Reagan: Re-energizing Tension & the Return of the Hard-Liner Approach

The election of Ronald Reagan surely meant trouble for Latin America. Through his critiques of “softness” on behalf of the U.S towards communism under the Carter Administration. Reagan sought out to establish the U.S as a hard-liner against communism, because of the lack of attention on behalf of U.S could result in a massive overtake of the Left in Central America.
With substantial flows of revenue provided by the Carter Administration and the aggressive shift in the Reagan Administration, and the rise of the FMLN as a guerrilla group. Regan committed his Administration to taking down the communists. Reagan increased the amount of aid going to El Salvador, not for “human rights” but for military aid to fight the FMLN and other Leftist groups forming against the Salvadorian government. In addition, CIA operative began to train the Salvadorian army.
This radical shift highlights that as long as aid was being provided, despite ideology, it funded the Salvadorian government for its political interest, having nothing to do, of course, with the people of El Salvador.

“El Mozote”: Caught in the Transition

On December 10, 1981, Salvadorian armed-forces, financed and trained by the U.S, arrived at El Mozote, a remote village in El Salvador, under a lead of FMLN activity in the area. When faced with a population of farmers of around 1,000 (some estimate), the Salvadorian forces proceeded to massacre the population over two days of interrogations concerning the FMLN’s whereabouts and activity.

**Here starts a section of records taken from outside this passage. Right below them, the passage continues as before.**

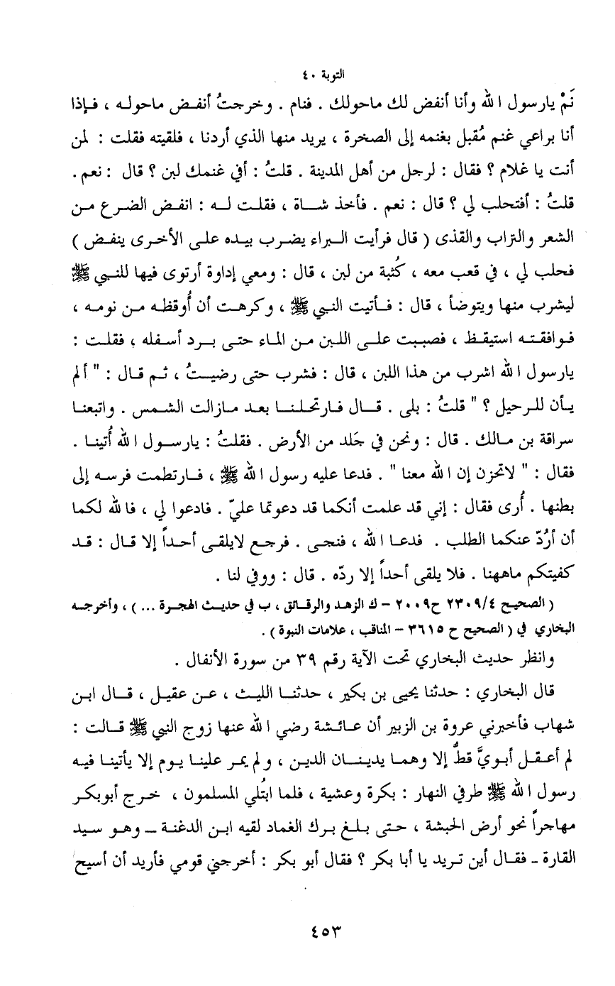 قلتُ: أفتحلب لي؟ قال: نعم. فأخذ شاة، فقلت له: انفض الضرع من الشعر والتراب والقذى (قال فرأيت البراء يضرب بيده على الأخرى ينفض) فحلب لي، في قعب معه، كثبة من لبن، قال: ومعي إداوة أرتوى فيها للنبي - صَلَّى اللَّهُ عَلَيْهِ وَسَلَّمَ - ليشرب منها ويتوضأ، قال: فأتيت النبي - صَلَّى اللَّهُ عَلَيْهِ وَسَلَّمَ -، وكرهت أن أُوقظه من نومه، فوافقته استيقظ، فصببت على اللبن من الماء حتى برد أسفله، فقلت: يا رسول الله اشرب من هذا اللبن، قال: فشرب حتى رضيتُ، ثم قال: "ألم يأن للرحيل؟ " قلتُ: بلى. قال فارتحلنا بعد مازالت الشمس. واتبعنا سراقة بن مالك. قال: ونحن في جَلد من الأرض. فقلت: يا رسول الله أُتينا. فقال: "لا تحزن إن الله معنا". فدعا عليه رسول الله - صَلَّى اللَّهُ عَلَيْهِ وَسَلَّمَ -، فارتطمت فرسه إلى بطنها. أُرى فقال: إني قد علمت أنكما قد دعوتما عليّ. فأدعوا لي، فالله لكما أن أرُد عنكما الطلب. فدعا الله، فنجى. فرجع لا يلقى أحداً إلا قال: قد كفيتكم ماههنا. فلا يلقى أحداً إلا ردّه. قال: ووفي لنا.
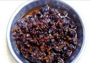 八宝豆鼓是山东临沂的名特产品之一,是以大黑豆、杏仁、茄子、鲜花椒、紫苏叶、鲜姜、芝麻油、白酒八种原料,经过一年天然密闭发酵而成。
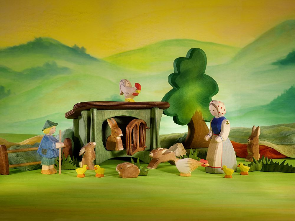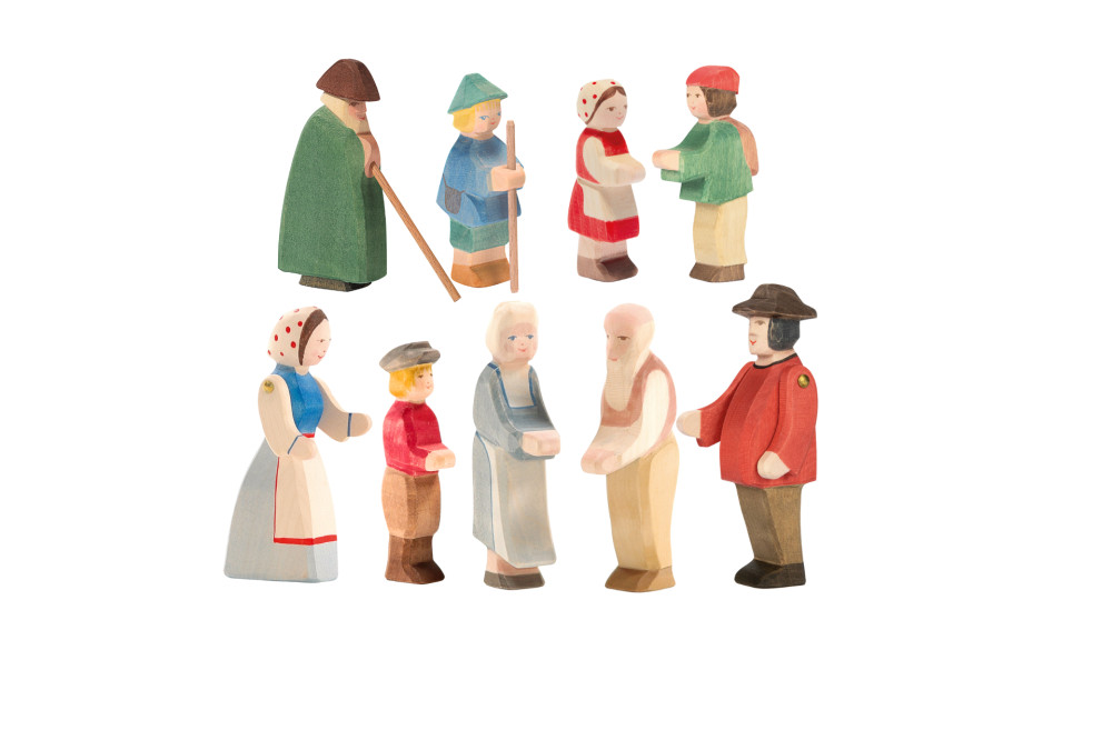 " Én vagyok az Ostheimer juhászfiú kék kabáttal. Bármilyen az időjárás, elviszem az állatokat legelni a meredek hegyoldalakra. A zöld filckalapom mindig megvéd, akár a tűző napsütéstől, akár a zuhogó esőtől. Néha Heidi elkísér a kirándulásaimra. Ő egy nagyszerű lány, és sok kalandot élünk át együtt."
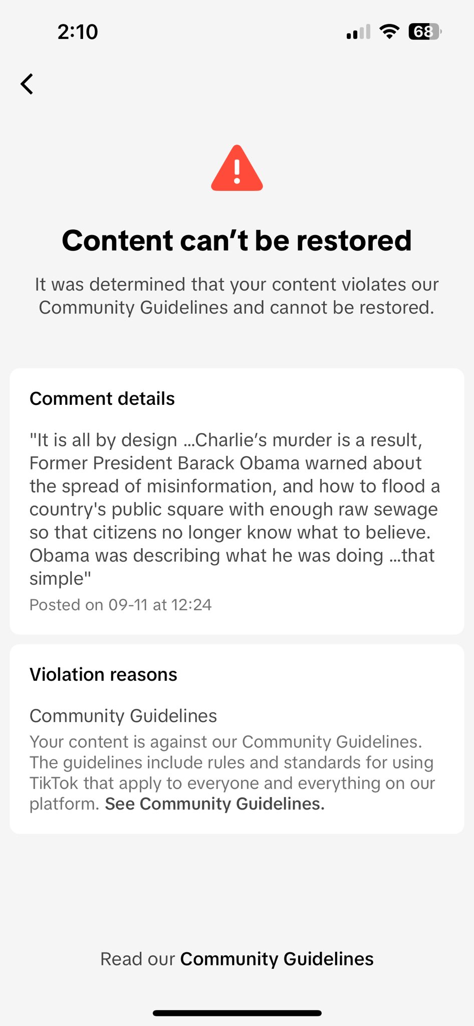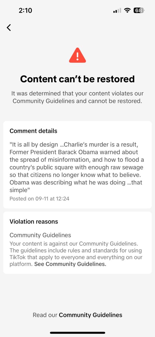 TikTok removes comment about Charlie Kirk's assassination: An X user shared a screenshot of his TikTok censorship notice. The user had posted "It is all by design ...Charlie's murder is a result, Former President Barack Obama warned about the spread of misinformation, and how to flood a country's public square with enough raw sewage so that citizens no longer know what to believe. Obama was describing what he was doing ...that simple." TikTok removed the comment, citing only that it went "against our Community Guidelines."

Like Nixon, the Reagan Administration faced once again the “news has a kind of mystery” situation. How would the world react? Under the umbrella of spreading democracy and fighting the “evils” of the Left, we were partially responsible for the death of hundreds. And in the case of “El Mozote”, people that really had nothing to do with it.

Although the U.S was clearly a large contributor to this horror, in a way, everyone was at fault. The events at El Mozote show that the innocent will always pay the price for battles of ideology. The people of El Mozote had nothing to do with this mess. The FMLN was partially to blame, as their activity in the area put many at risk. The Salvadorian forces were certainly at fault for showing such abysmal ethics and profound disregard for human rights. They really did apply brute force with no just cause. The people of El Mozote were not armed, were clearly not the leaders of a guerrilla group, the children who were slaughtered, women and girls who were raped and killed, and farmers who were gun-fired to death were not concerned with arguments of Right vs. Left. The were concerned with living their everyday lives. And, of course, the U.S was at fault for training and funding the Salvadorian armed-forces and intervening in El Salvador.

You would think that after such undeserved pain and suffering, the U.S would have stepped-back and reflected on our mistakes. On the contrary, the Reagan Administration worked to hide the massacre from the press. Similarly, the FMLN used the event as propaganda and the Salvadorian armed-forces did not admit fault.
The result was the death of hundreds for something they simply had no involvement in. Not knowing were to go or who to trust, the people of El Mozote paid with their lives.